A stationary stochastic process generates data in a special way which makes it possible to attempt to forecast its future values. The opposite of a stationary stochastic process is a non-stationary stochastic process which is commonly referred to as a random walk, and by definition if a time series is a random walk, it is virtually impossible to forecast its future values based on past values alone. A stationary process tends to converge to its mean over time, this property is called Mean Reversion. How can one tell the difference between a stationary or a non-stationary stochastic process? Why do only stationary stochastic processes lend themselves to forecasting with any amount of accuracy? The objective of this post is to define these terms and conduct an empirical test for stationary processes that generate some well known macroeconomic time series. I find that the second difference of GDP is a stationary process and that this is the correct way to look at the data for forecasting.

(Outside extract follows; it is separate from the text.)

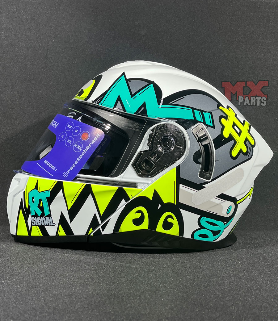 estrutura do Capacete Race Tech Signal Stuff Articulado é produzida em ABS de alta resistência, com excelente capacidade de absorver impactos e distribuir a energia gerada em colisões.

**Necessary and Sufficient Conditions for A Stationary Process**

A stationary time series has an average value that does not change over time to dramatically. The average inflation rate in the U.S. since the mid-80’s has remained fairly steady so the inflation rate might adhere to this condition. A second condition of a stationary time series is that the variance of the series is a constant or fairly close to being constant. If over time a series values have become more volatile, it might violate the constant variance condition for a stationary time series. The final condition for a stationary time series is that the covariance between values at time t and t-k are constant or close to constant. This means that the correlation between current and past values has remained constant over the period under investigation. If any of these condition is violated a time series is said to be non-stationary or that it follows a random walk. If the error term of a forecast has a mean value of zero, constant variance, and zero serial correlation then it is said to be a “white noise” process. A white noise process is a special case of a stationary time series and if the errors of a forecast follow a white noise process then we can say that the forecast is unbiased. In mathematical notation a white noise process is defined as:

**Integrated Processes**

Several important time series may not be a stationary process. Many variables exhibit trends, different variances, and correlation between past and future values. What can be done with these variables if one needs to forecast their future values? The answer is first- differencing, or subtracting past previous values from future values and creating a new time series. If the first difference of a stationary time series is stationary the it is said to be integrated of order 1 or I(1). If a variable is stationary it s said to be integrated of order zero or I(0). If second differencing makes a non-stationary variable stationary then it is said to be stationary of order 2 or I(2).

**Properties of Integrated Processes**

**Empirical Test Whether or Not Gross Domestic Product is a Stationary Process**

Using quarterly data for U.S. Gross Domestic Product starting from 1947 we can test for a stationary process. If the process is not stationary then the process is to first difference to until the process is stationary. ** **

First we input the data and run the commands to tell STATA to recognize the data variable as a time variable and the data as a time series:

The date is stored as a string variable the following commands format date as a date variable and format it accordingly…

Now that STATA recognizes time2 as a date we can set the command to recognize the data set as a time series…

As one can see from the graph above, GDP has a definite time trend. This suggest that the GDP is non-stationary, but to check with a statistical test we can use a unit root test. The above graphics and data manipulation where done on STATA, but just to mix it up a bit the remainder of the analysis will be conducted on Eviews.

Selecting values for trend and intercept a Augmented Dickey Fuller-Test was run to test for a stationary process in GDP data. A non-stationary process is also called a Unit Root process, hence the description of the test above and below.

The test shows that one cannot reject the hypothesis that GDP has a unit root, but could first differencing the data lead to a stationary time series? A second test (not shown) rejects the hypothesis that the first difference of GDP is a unit root process. One can see that the time series of the first difference does not have time independent variance as shown below.

**Testing the Second Difference of GDP**

The second difference of GDP is a stationary process according to the Augmented Dickey-Fuller test.

The test above rejects the null hypothesis that the second difference of GDP is non-stationary, thus if one is going to use past values of GDP the second difference is the appropriate way to transform the data. The final graph below shows the second difference of GDP which is the series that was shown to be stationary in the ADF test above.

Can you please tell me why you say the forecast of white noise process is unbiased ?

If an error term in a regression is found to have a mean of zero and constant variance it is defined as white noise. Typically if your error term is not a white noise process it means that on average (mean) your error s are positive/negative. Having consistently positive/negative error terms means that one is consistently underestimating/overestimating the value you are trying to forecast. In the same token, if the variance of your forecast errors is higher at certain time intervals (say during peak sales season), then you don’t have a white noise process, and thus you cannot be confident about the precision of your forecast. There are several ways to ensure that your error term is a white noise process including looking at percentage changes instead of the entire number and/or modelling the variance in the error term. GARCH and ARCH models are one way of modelling error in the variance term and taking the first difference of the data is a way of ensuring the mean is zero.